- _Problem details_:
With pictures left out, only the lines from the one containing "Si vendono 700" through the end of the records should be reproduced exactly, please.
[Task material — start]
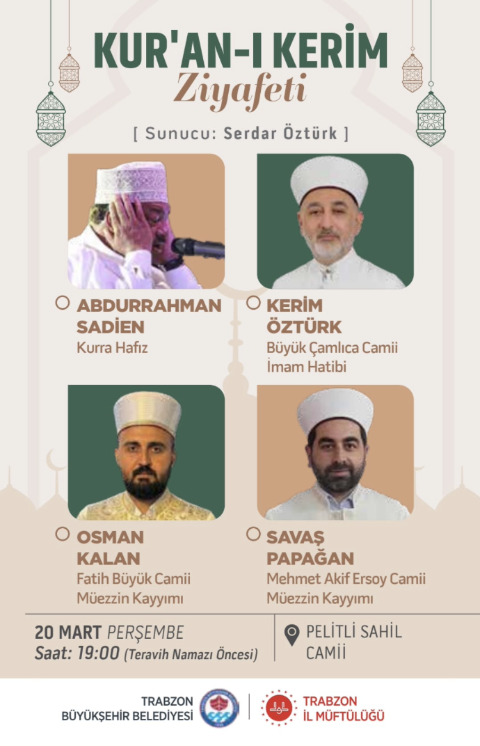 Ramazan ayı boyunca farklı camilerde vatandaşlara Kur’an-ı Kerim ziyafetleri sunulacak. 13 Mart Perşembe akşamı saat 19.00’da Boztepe Muradiye Camii’nde, Ayasofya-i Kebir Camii Şerifi İmam Hatibi Ferruh Muştuer, Eyüp Sultan Camii İmam Hatibi Beytullah Özdemir, Fatih Büyük Camii Müezzin Kayyımı Osman Kalan ve Çarşı Camii Müezzin Kayyımı Hacı Bayram Parmak ile Kur’an-ı Kerim ziyafeti sunulacak. 20 Mart Perşembe akşamı saat 19.00’da Pelitli Sahil Camii’nde Kurra Hafız Abdurrahman Sadien, Büyük Çamlıca Camii İmam Hatibi Kerim Öztürk, Fatih Büyük Camii Müezzin Kayyımı Osman Kalan ve Mehmet Akif Ersoy Camii Müezzin Kayyımı Savaş Papağan’ın katılacağı program düzenlenecek. 26 Mart Çarşamba akşamı saat 19.00’da Bahçecik Mehmet Akif Ersoy Camii’nde, Mecidiyeköy Merkez Camii Baş İmam Hatibi Ali Derman, Beyazıt Camii İmam Hatibi Mehmet Duman, Fatih Büyük Camii Müezzin Kayyımı Osman Kalan ve Çarşı Camii Müezzin Kayyımı Hacı Bayram Parmak Kur’an ziyafeti sunacak. 27 Mart Perşembe akşamı saat 19.00’da Akçaabat Söğütlü Ulu Camii’nde, Ayasofya-i Kebir Cami-i Şerifi İmam Hatibi Bünyamin Topçuoğlu, Büyük Çamlıca Camii Müezzini Enes Özsoy, Fatih Büyük Camii Müezzin Kayyımı Osman Kalan ve Mehmet Akif Ersoy Camii Müezzin Kayyımı Savaş Papağan’ın katılacağı program düzenlenecek.
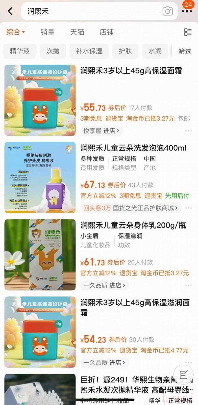 目前,在華熙生物的官網上依然能看到“潤熙禾”位于其護膚品牌的矩陣之中,對品牌的宣傳為“華熙生物唯一兒童品牌”,羅列出的產品包括潔面、保濕霜、沐浴露、潤唇膏和護手霜。
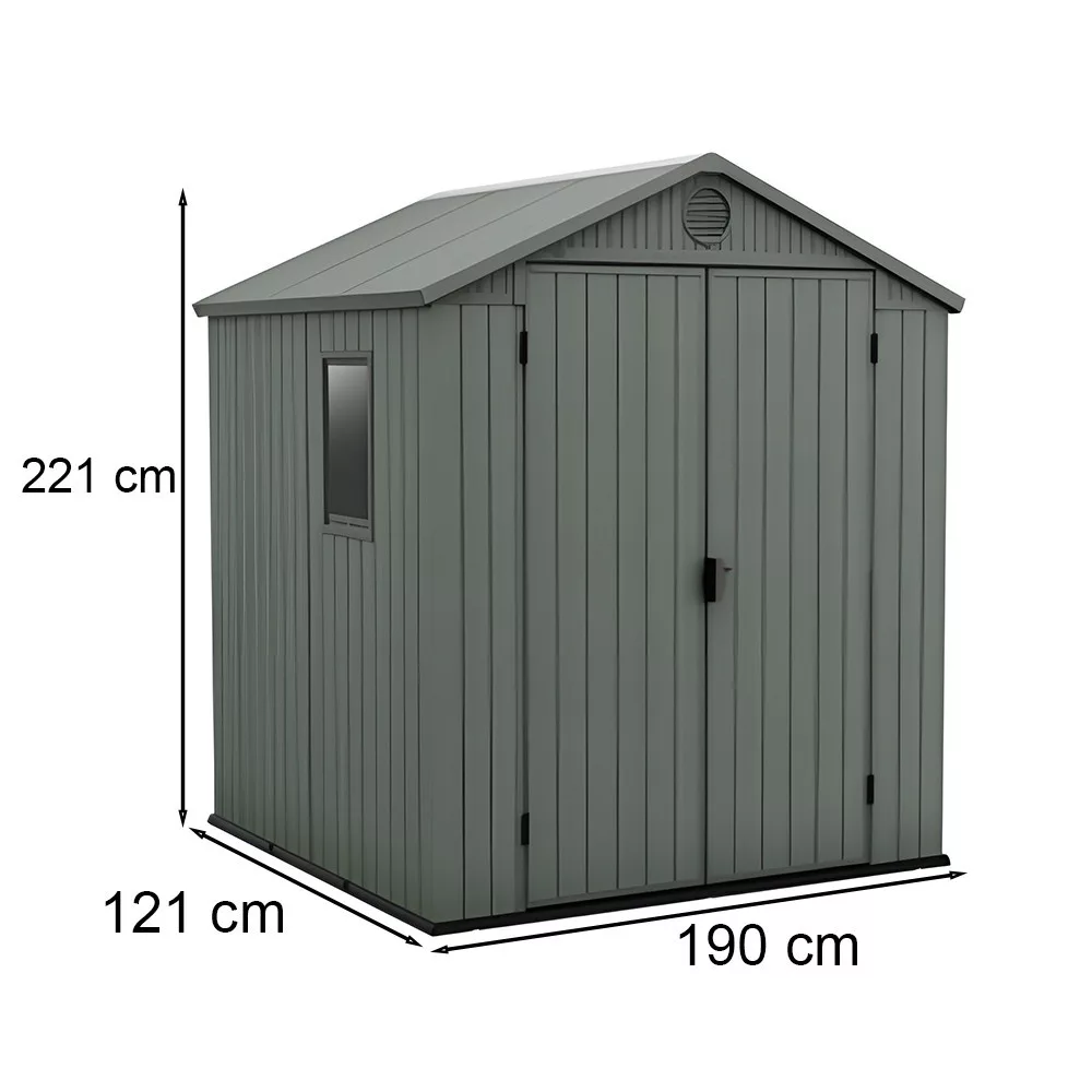 Wymiary: 190 x 182 x 221 cm, zapewniają idealną przestrzeń do przechowywania narzędzi ogrodowych, mebli ogrodowych, a nawet rowerów. Wymiary te idealnie pasują do większości ogrodów, nie zajmując zbyt wiele miejsca.
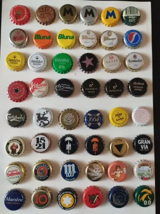 Si vendono 700 tappi di bottiglie di birra, come mostrato nelle foto, ideali per collezionismo, decorazione o vari lavori manuali, tutti a 25€, ritiro zona Carabanchel, spedizione in penisola a carico dell'acquirente, non si effettua contrassegno, contattare via WhatsApp
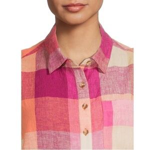 TIME and Tru Women's Half Button Sleeveless Top In Shocking Pink Large 12/14 New
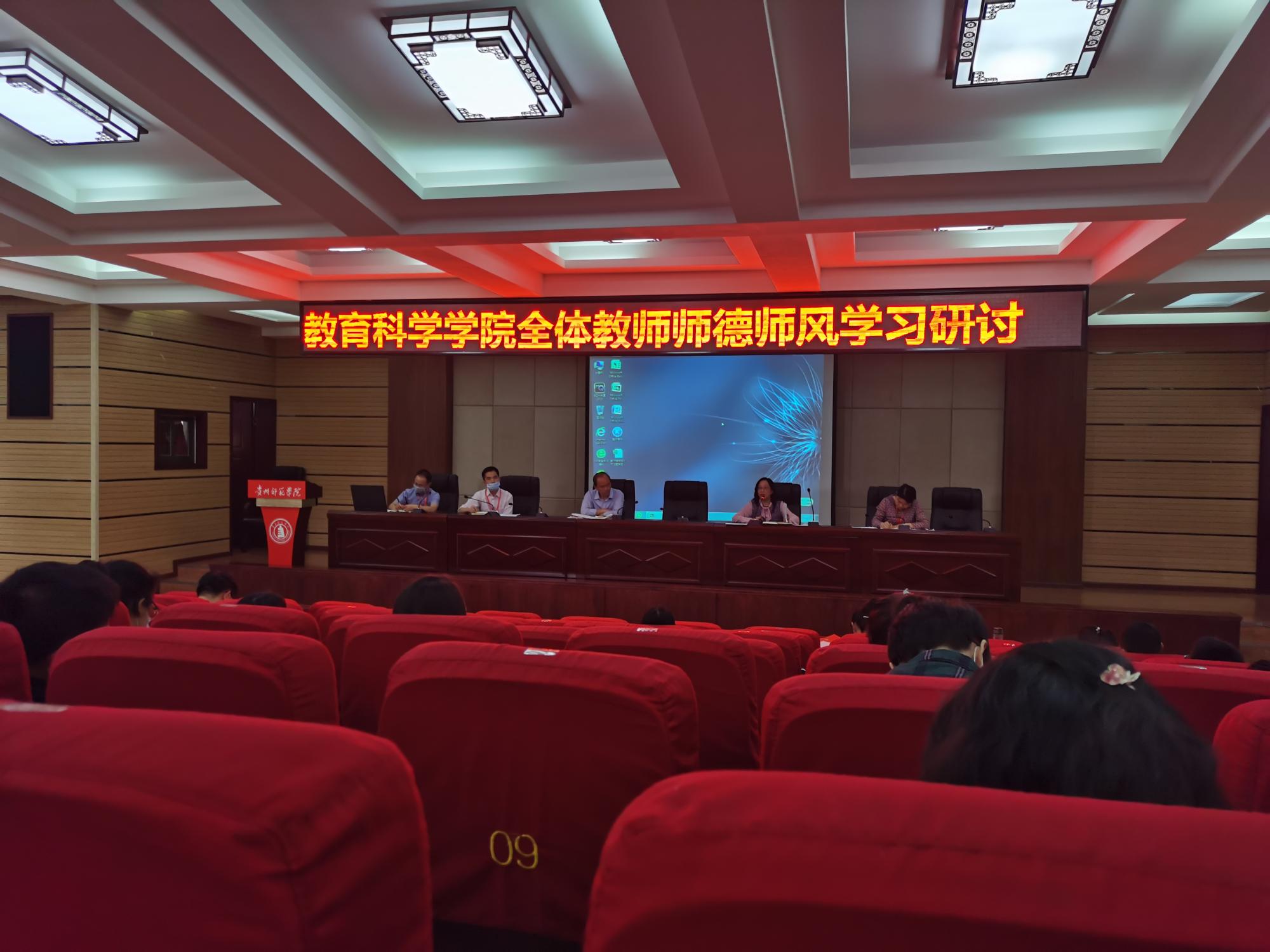 2020年5月22日下午,教育科学学院在文韬苑道德讲堂组织教师学习《贵州省高校教师师德失范行为处理办法(试行)》。院党委书记彭祥友、院长刘红、党委副书记傅小芳、副院长黎平辉、副院长袁川以及全院教职工参与了本次学习。学习由教院长刘红主持,袁川院长带领全院教职工认真学习了本办法。
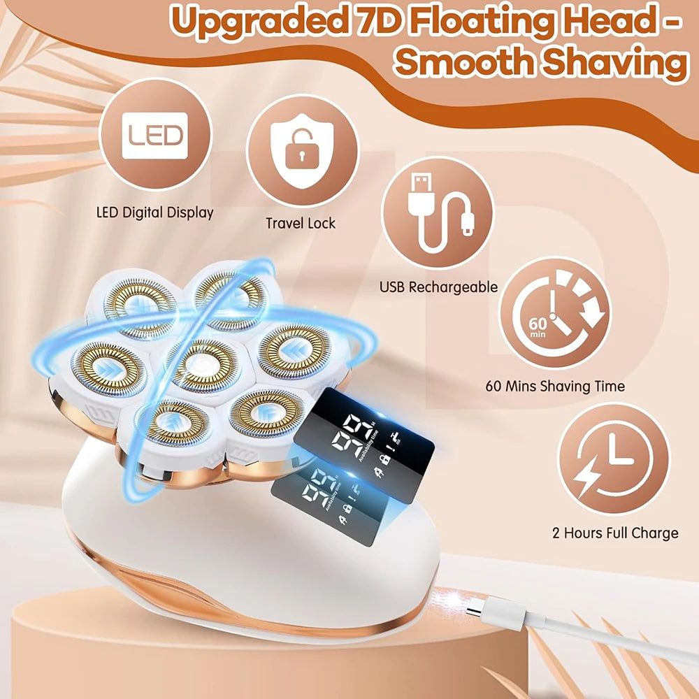 Experience a closer, contour-hugging shave with the Electric Razor for Women featuring 7D floating blades and a 5-in-1 bikini trimming kit.
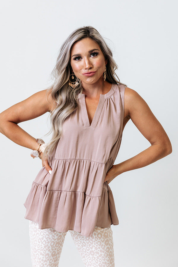 Complete your look effortlessly with our charming dusty purple hued 'Sweetest Love Shift Top' featuring lightweight flowy material, a rounded neckline with an accent v-cut notch, wide sleeveless shoulder straps, and a relaxed tiered silhouette that falls into a straight hemline! Measurements
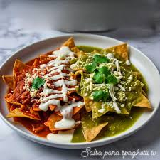 Chilaquiles, en salsas verde y roja, acompañado de frijoles y huevos revueltos o estrellados.
[Task material — finish]
- _Exercise output_:
 Si vendono 700 tappi di bottiglie di birra, come mostrato nelle foto, ideali per collezionismo, decorazione o vari lavori manuali, tutti a 25€, ritiro zona Carabanchel, spedizione in penisola a carico dell'acquirente, non si effettua contrassegno, contattare via WhatsApp
 TIME and Tru Women's Half Button Sleeveless Top In Shocking Pink Large 12/14 New
 2020年5月22日下午,教育科学学院在文韬苑道德讲堂组织教师学习《贵州省高校教师师德失范行为处理办法(试行)》。院党委书记彭祥友、院长刘红、党委副书记傅小芳、副院长黎平辉、副院长袁川以及全院教职工参与了本次学习。学习由教院长刘红主持,袁川院长带领全院教职工认真学习了本办法。
 Experience a closer, contour-hugging shave with the Electric Razor for Women featuring 7D floating blades and a 5-in-1 bikini trimming kit.
 Complete your look effortlessly with our charming dusty purple hued 'Sweetest Love Shift Top' featuring lightweight flowy material, a rounded neckline with an accent v-cut notch, wide sleeveless shoulder straps, and a relaxed tiered silhouette that falls into a straight hemline! Measurements
 Chilaquiles, en salsas verde y roja, acompañado de frijoles y huevos revueltos o estrellados.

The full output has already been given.